3 How to do a bench press - exercise technique

Once you've taken a deep breath and tightened up, start lowering the bar. Imagine at this moment that you are trying to bend it into the letter "U". This will help bring your elbows closer to your body, engage your lats, and protect your shoulders.

Where the bar touches the body depends on the length of your arms and the width of your grip. In any case, at this point in the exercise, the forearm should be at a 90 degree angle to the floor. If the angle is larger or smaller, you may lose strength.

"At the bottom of the exercise, the forearm should be at a 90-degree angle to the floor."

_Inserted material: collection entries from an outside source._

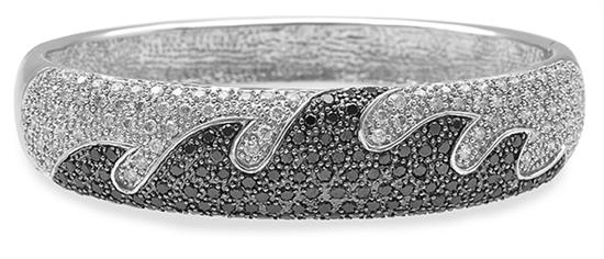 The oval hinged bangle pave set in a wave formation with black and white diamonds, mounted in 14ct white gold.
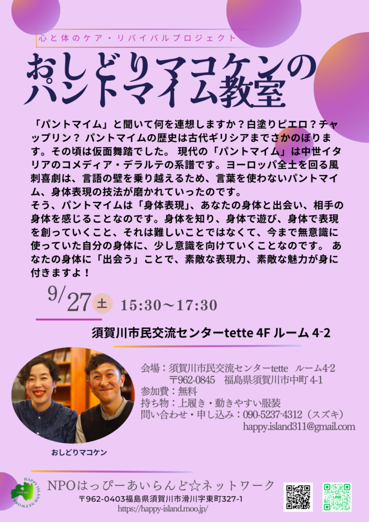 - お問い合わせ・申し込み:090-5237‐4312(スズキ) happy.island311@gmail.com
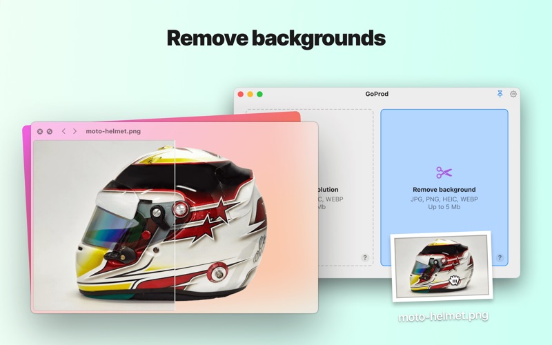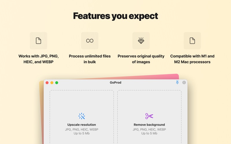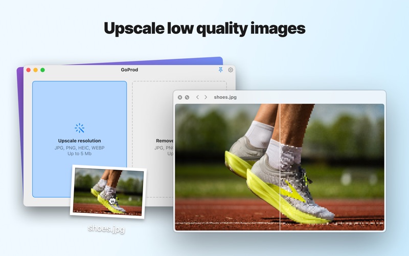 GoProd is an image upscaler and background remover in a single app. Powered by AI, it is an absolute no-brainer. Drop your images onto the app window and get the resulting images a few moments later.
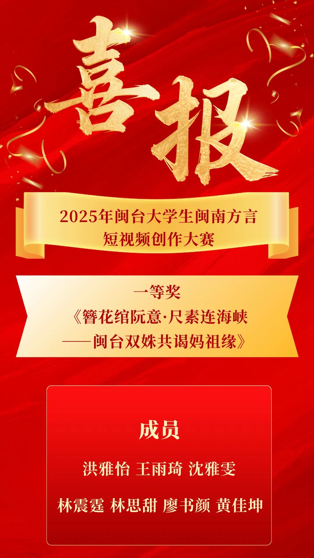 近日,在2025年闽台大学生闽南方言短视频创作大赛中,我院学子携手创作的《簪花绾阮意·尺素连海峡——闽台双姝共谒妈祖缘》在众多优秀短视频作品中脱颖而出,荣获2025年闽台大学生闽南方言短视频创作大赛一等奖!
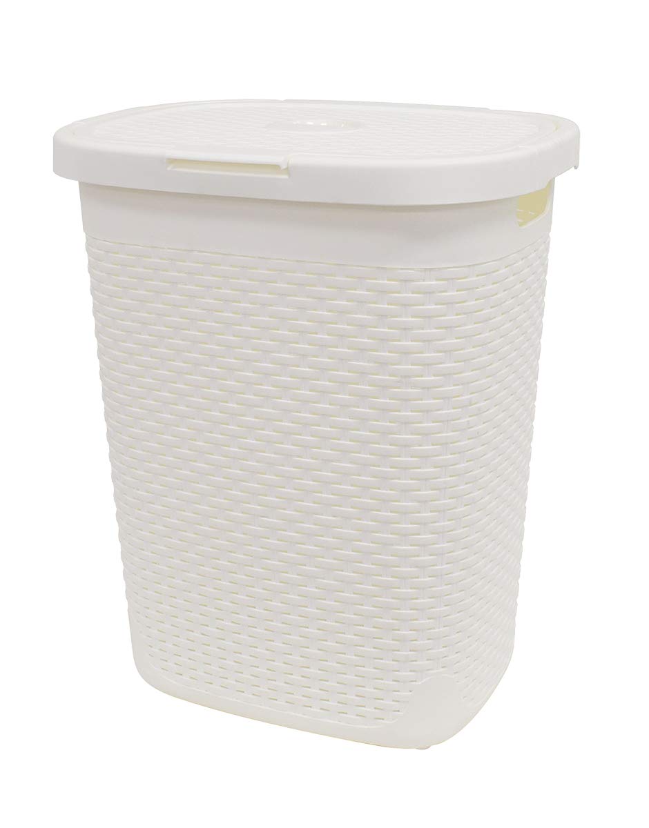 セイエイ(seiei) 【 ラタン調 蓋付き バスケット 50L ホワイト 120444 】横型 かご 収納 洗濯 ラタン調
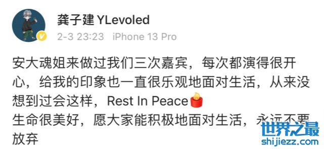 翻看安大魂的社交账号,最后一条动态停留在1月31日,她分享了自己演唱的歌曲,并在评论区感谢喜欢她的人,看起来那么活泼开朗的安大魂,没想到一直被抑郁症困扰,她的离去太令人感到惋惜与悲伤了。
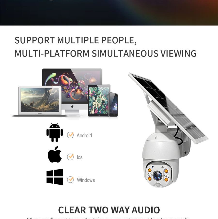 4. Kamera Pan Tilt Broader View & Remote Control---solar ptz zagotavlja 360° vodoravne in 120° navpične kote vrtenja. Podpira daljinsko upravljanje smeri v telefonu. S funkcijami 3x digitalne povečave in skupno rabo več uporabnikov, ki zagotavlja bolj prilagodljiv in širši pogled za vas in družine za spremljanje vaše hiše v vsem vidu v realnem času. Izbira sončne zunanje kamere ščiti vaš dom 24/7.
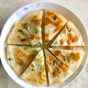 用剪刀剪成八份,即可享受美食比一般的发面葱油饼更加香脆哦!
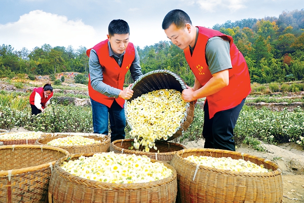 11月3日,浙江省杭州市桐庐县横村镇党员干部深入种植基地,帮助采摘、搬运杭白菊,助力菊农增收致富。(图片来源:视觉中国)
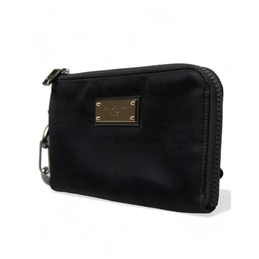 Dolce & Gabbana Black Nylon Logo Plaque Keyring Pouch Clutch Bag
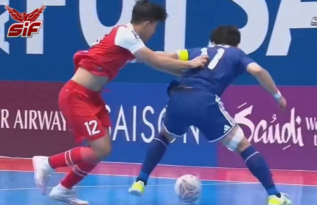 Duel antara Timnas Futsal Indonesia dan Jepang berlangsung ketat sejak peluit awal dibunyikan.
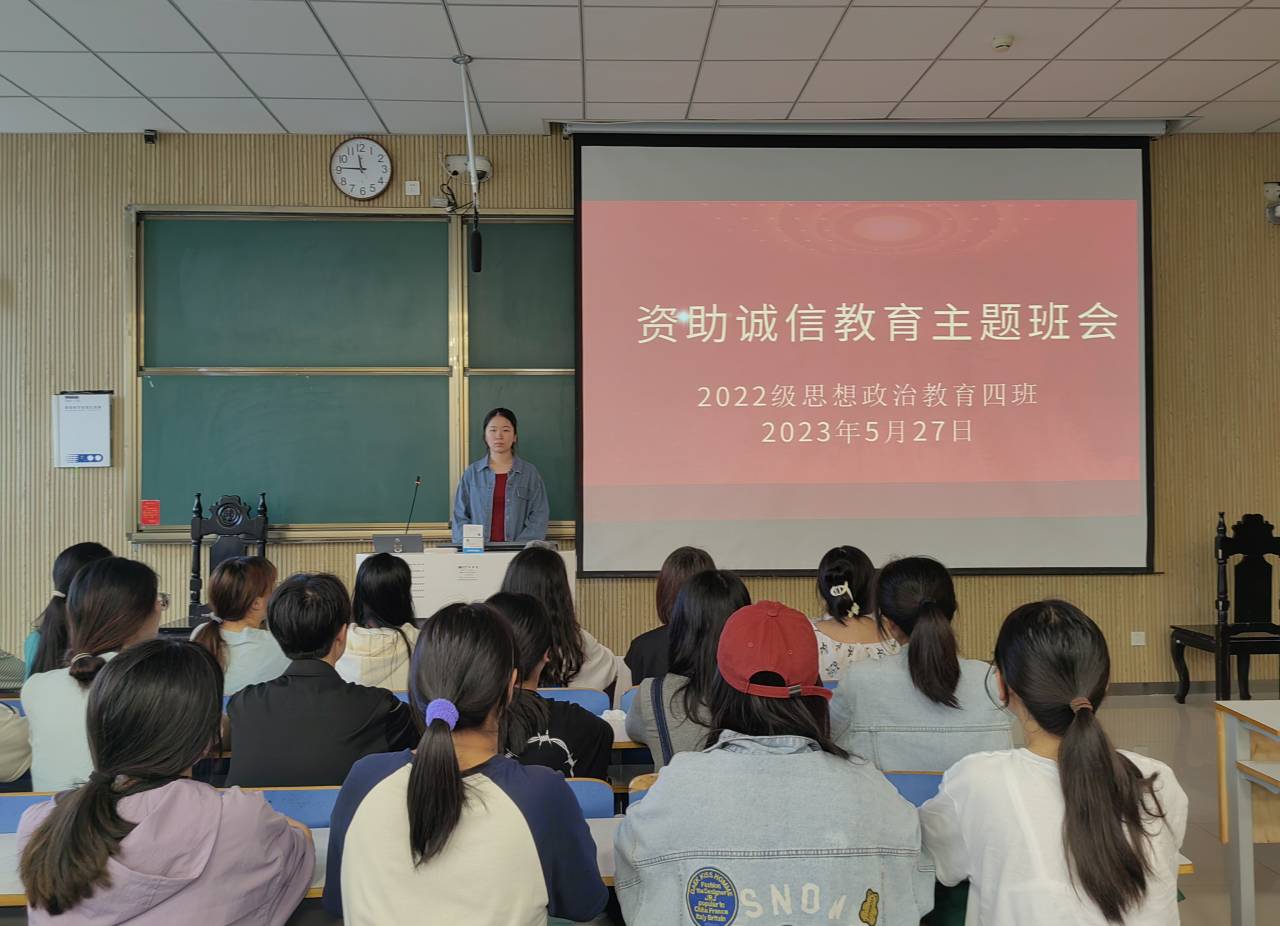 为提高学生的诚信意识和诚信素质,推动思想政治教育工作和学生资助工作持续健康发展,5月27日上午,小说狂人 2022级思想政治教育四班在社科楼515教室召开“资助诚信教育”主题班会,小说狂人 2022级思想政治教育四班全体同学参与本次班会。班长牛志杰主持本次班会。
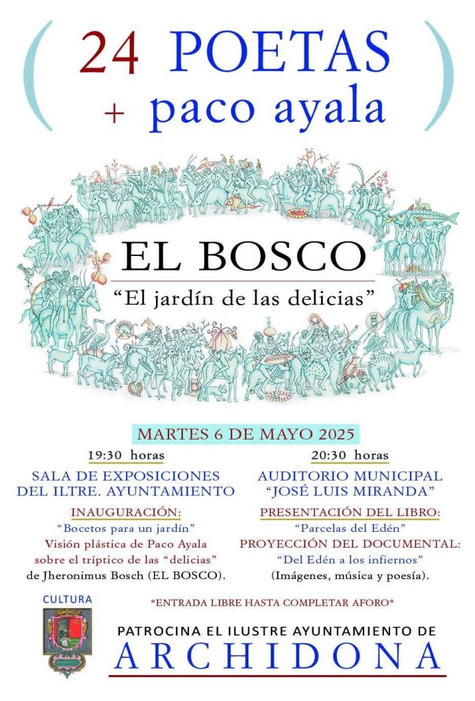 La Delegación de Cultura del Ilustre Ayuntamiento de Archidona y el artista Paco Ayala proponen un viaje sensorial y artístico al mundo del Bosco este martes 6 de mayo, con una exposición, un libro coral de poesía y un documental inspirados en «El jardín de las delicias».
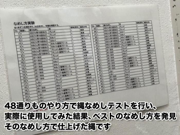 48通りものやり方で縄なめしテストを行い、実際に使用してみた結果、ベストのなめし方を発見しました。なめし方を行った縄をお届けいたします。

If you have long arms and you use a close grip, the bar will drop down your body. If the arms are short and the grip is wide, the bar will touch the upper chest. Most people touch the bar in the area from the upper abdomen to the line of the nipples. Whatever point the bar touches the body, try not to change it with each repetition.

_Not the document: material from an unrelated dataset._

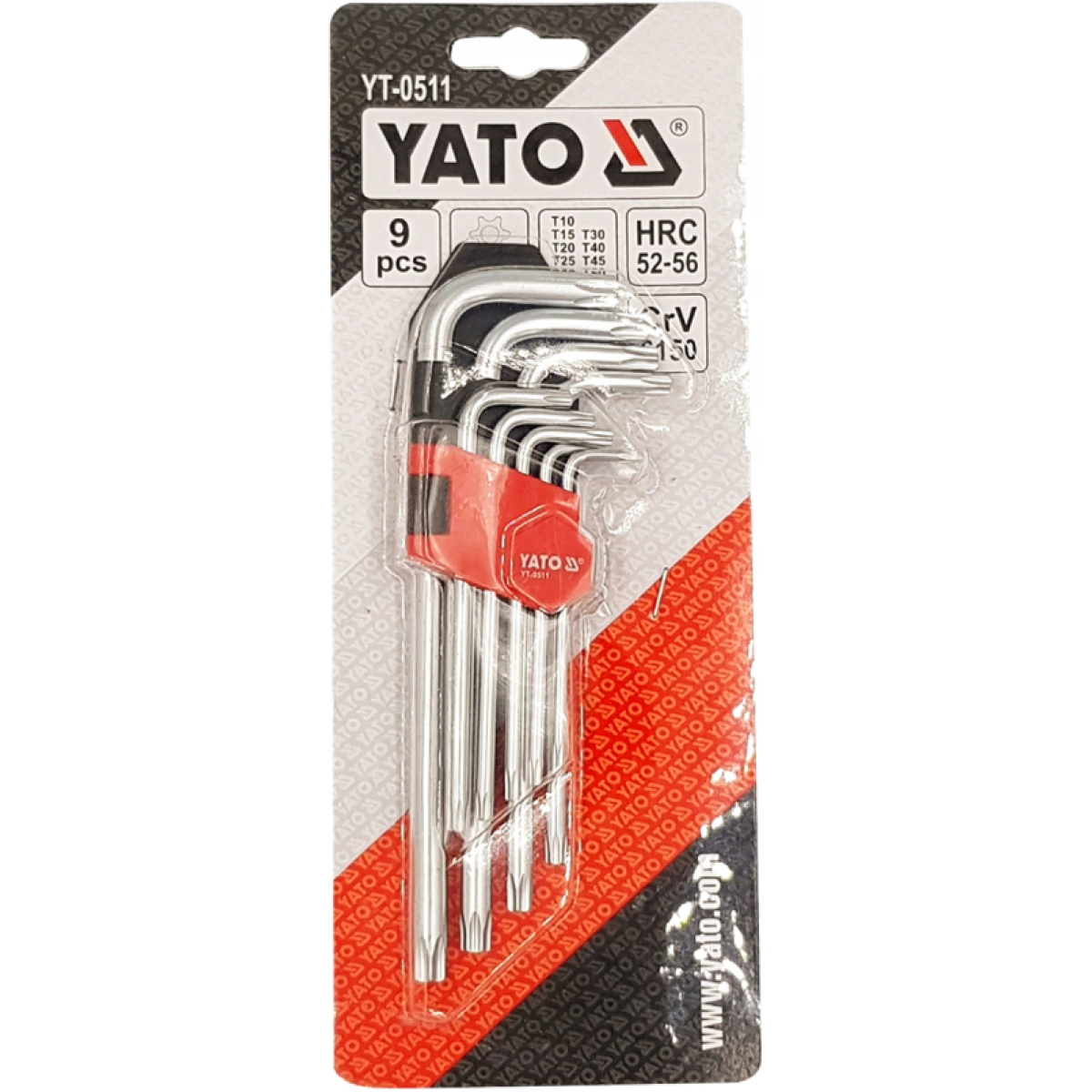 Ключі “TORX“ Г-подібні YATO: Cr-V, T10-T50 короткі з отвором, 9 шт.
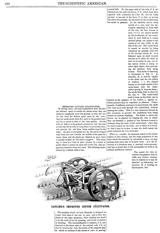 Gatling's Improved Cotton Cultivator, ---. Scientific American, Vol. 5, No. 15 (October 6, 1860), 1 page. Note: Reduced to 85% to fit on page. CD (HWDA08). Posted April 2, 2003. SAMPLE PAGE. File size 604 KB PDF

When the bar touches the body, begin to squeeze the weight, while tensing the muscles of the buttocks and pushing the legs into the floor. No, this is not a joke. Thus, you can maximize the tension and squeeze more weight.

At this point, imagine that you are pushing the bar away from you. When lifted, the bar should describe a small arc in the form of an inverted "J".

“Push your feet into the floor. This way you can push yourself to the maximum and squeeze more weight.”

4 Common Mistakes When Doing the Bench Press

As you can see, doing the bench press is more difficult than it might seem at first glance. The most common mistake when doing it is that some make the neck literally bounce off the chest when lifting. This is a very dubious method, not only because it creates a lot of pressure on the chest, but also makes it impossible to keep the muscles in tension. Also, if the bar bounces off your chest, how can you claim to have lifted it?

Many do not breathe properly and do not tense the press enough, so pay special attention to these points. You will be surprised how much more weight you can lift if you tighten your abdominal muscles and take deep breaths.

Also, I often see some people turn their elbows out to the sides, believing that this will increase the involvement of the chest muscles. Even if this is the case, you should not do this, because it is dangerous. That's how I tore my chest muscle: my grip was too wide, and my elbows were outstretched. Elbows spread to the sides mean that the latissimus dorsi muscles are not included in the work and the exercise is performed with low efficiency.

I often see some lift their shoulders at the top of the exercise, spread their shoulder blades as they lift the weight, and also move their feet across the floor. Anything that forces you to relax your body and straighten your shoulder blades makes the exercise ineffective and dangerous. So watch your movements and stay in suspense.

Practice bench press!

Now you know how to bench press safely and effectively. It requires a certain skill, like squats or other compound exercises. The more you practice bench press, the better the result will be. Start with a light weight and increase as you get the hang of the technique.